#### EXERCISE INSTRUCTIONS
Your output should be the lines below from the one holding "Sand artist Sudarsan" through the one holding "रंजीत साहनी के", transcribed exactly, with no pictures.

#### DATA SUPPLIED
****************

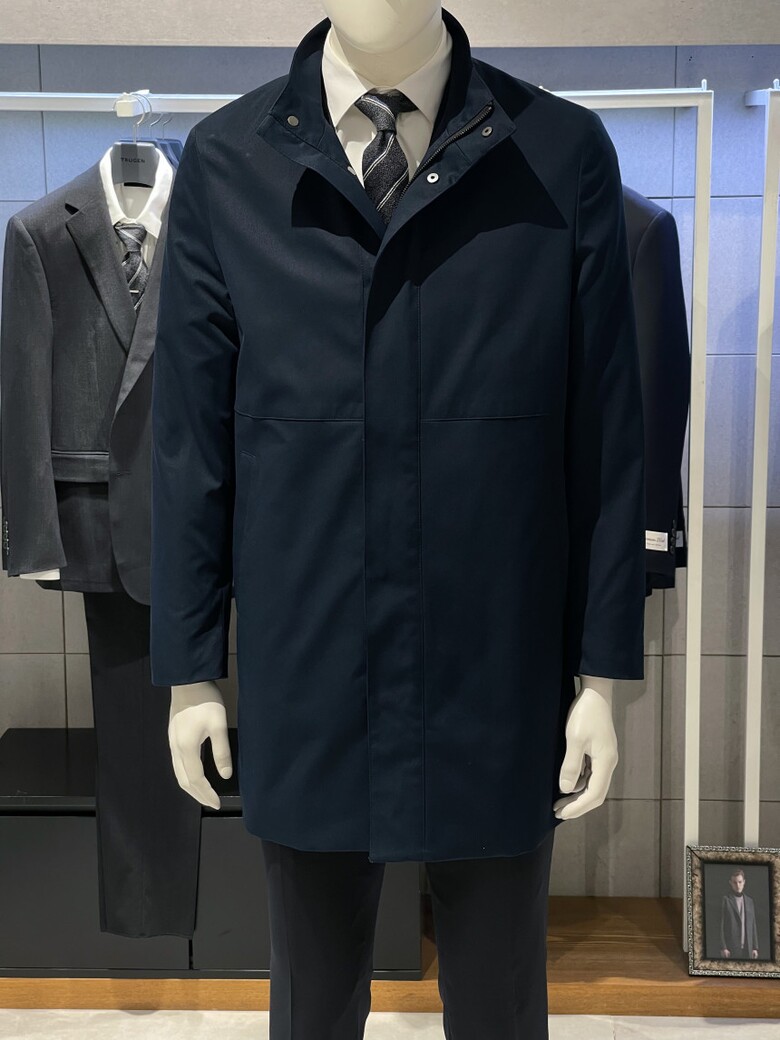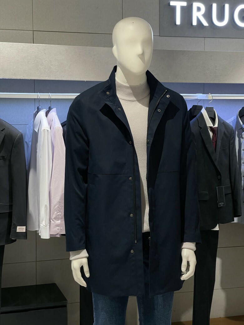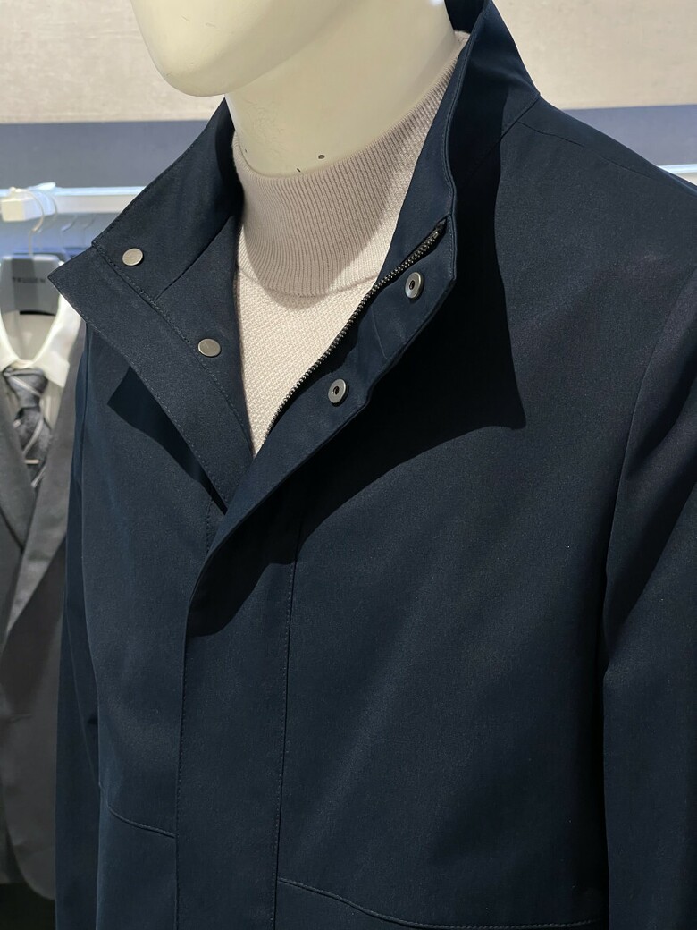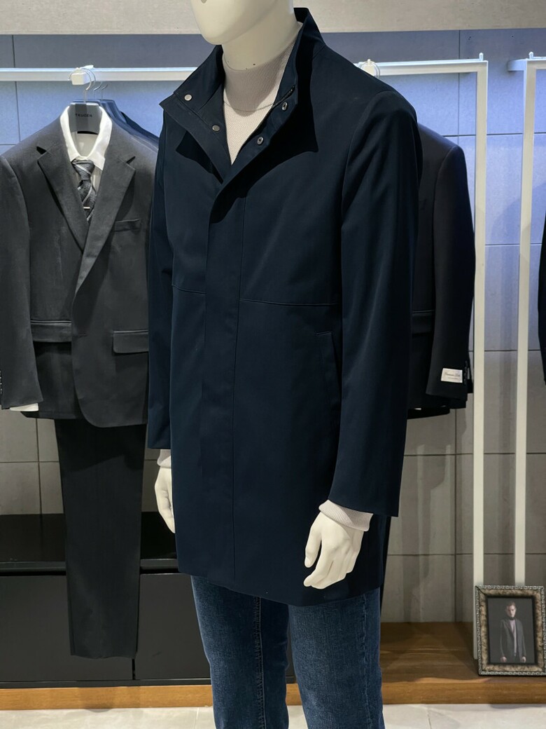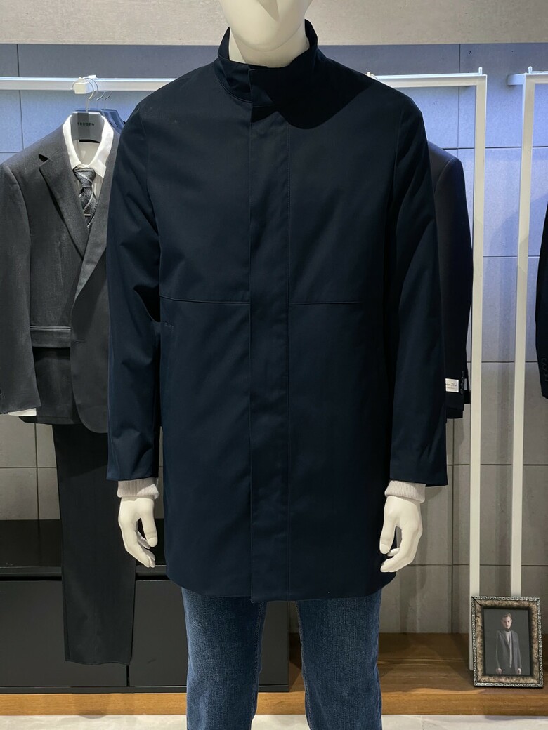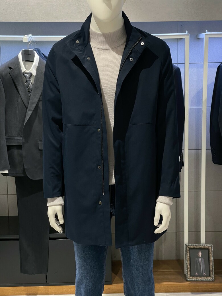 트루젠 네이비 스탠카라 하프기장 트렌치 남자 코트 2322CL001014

****************

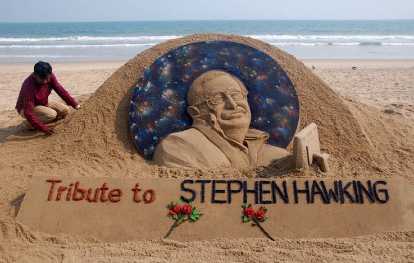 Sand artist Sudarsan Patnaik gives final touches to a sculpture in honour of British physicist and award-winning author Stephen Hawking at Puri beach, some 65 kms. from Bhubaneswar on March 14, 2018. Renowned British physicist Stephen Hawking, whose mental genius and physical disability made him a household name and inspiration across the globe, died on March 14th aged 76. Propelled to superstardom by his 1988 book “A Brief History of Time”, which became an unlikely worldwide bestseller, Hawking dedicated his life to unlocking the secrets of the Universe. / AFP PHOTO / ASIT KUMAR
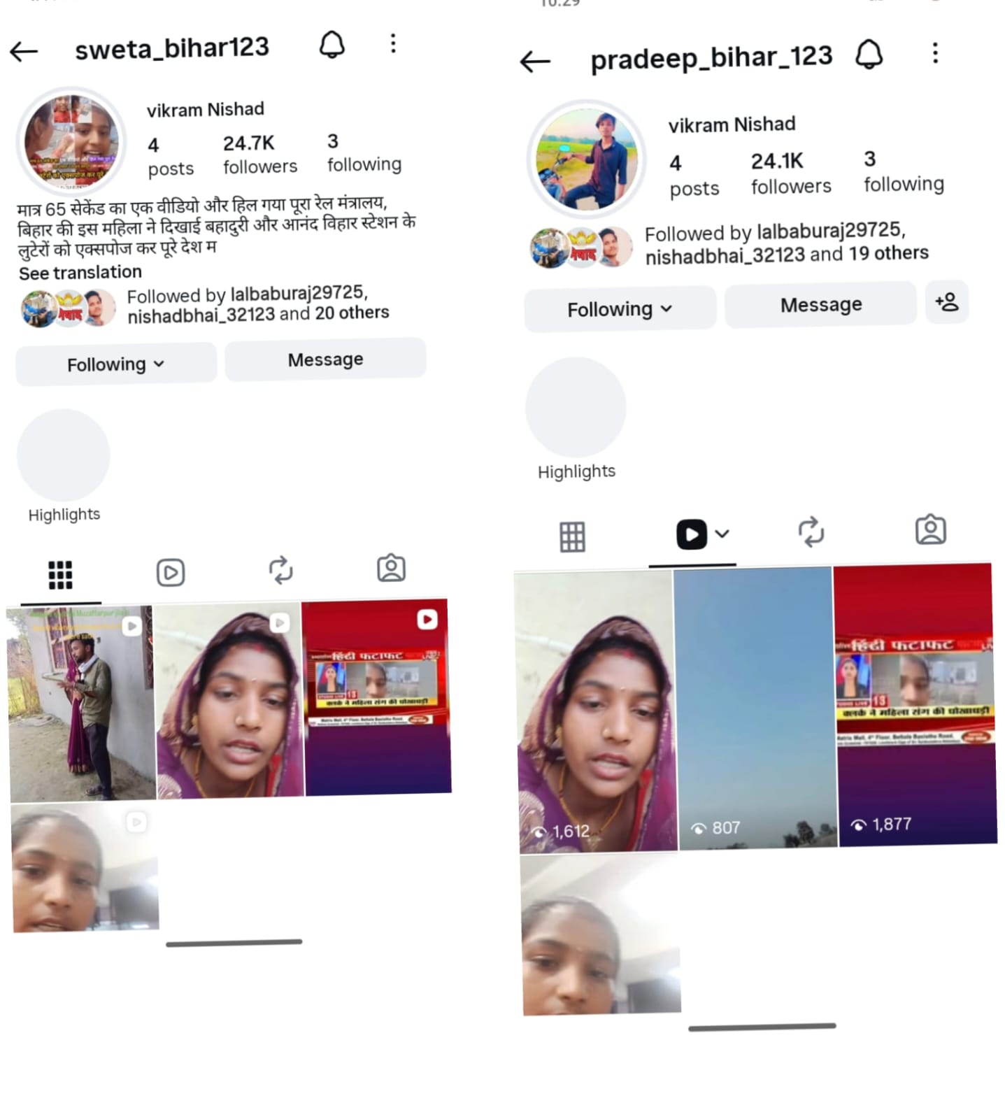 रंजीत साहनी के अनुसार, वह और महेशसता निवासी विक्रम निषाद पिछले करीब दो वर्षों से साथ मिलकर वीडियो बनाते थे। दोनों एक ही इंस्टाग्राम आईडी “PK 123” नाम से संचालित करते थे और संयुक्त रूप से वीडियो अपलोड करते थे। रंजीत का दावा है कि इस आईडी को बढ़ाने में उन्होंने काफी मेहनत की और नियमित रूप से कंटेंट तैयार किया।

****************

#### YOUR SOLUTION
 Sand artist Sudarsan Patnaik gives final touches to a sculpture in honour of British physicist and award-winning author Stephen Hawking at Puri beach, some 65 kms. from Bhubaneswar on March 14, 2018. Renowned British physicist Stephen Hawking, whose mental genius and physical disability made him a household name and inspiration across the globe, died on March 14th aged 76. Propelled to superstardom by his 1988 book “A Brief History of Time”, which became an unlikely worldwide bestseller, Hawking dedicated his life to unlocking the secrets of the Universe. / AFP PHOTO / ASIT KUMAR
 रंजीत साहनी के अनुसार, वह और महेशसता निवासी विक्रम निषाद पिछले करीब दो वर्षों से साथ मिलकर वीडियो बनाते थे। दोनों एक ही इंस्टाग्राम आईडी “PK 123” नाम से संचालित करते थे और संयुक्त रूप से वीडियो अपलोड करते थे। रंजीत का दावा है कि इस आईडी को बढ़ाने में उन्होंने काफी मेहनत की और नियमित रूप से कंटेंट तैयार किया।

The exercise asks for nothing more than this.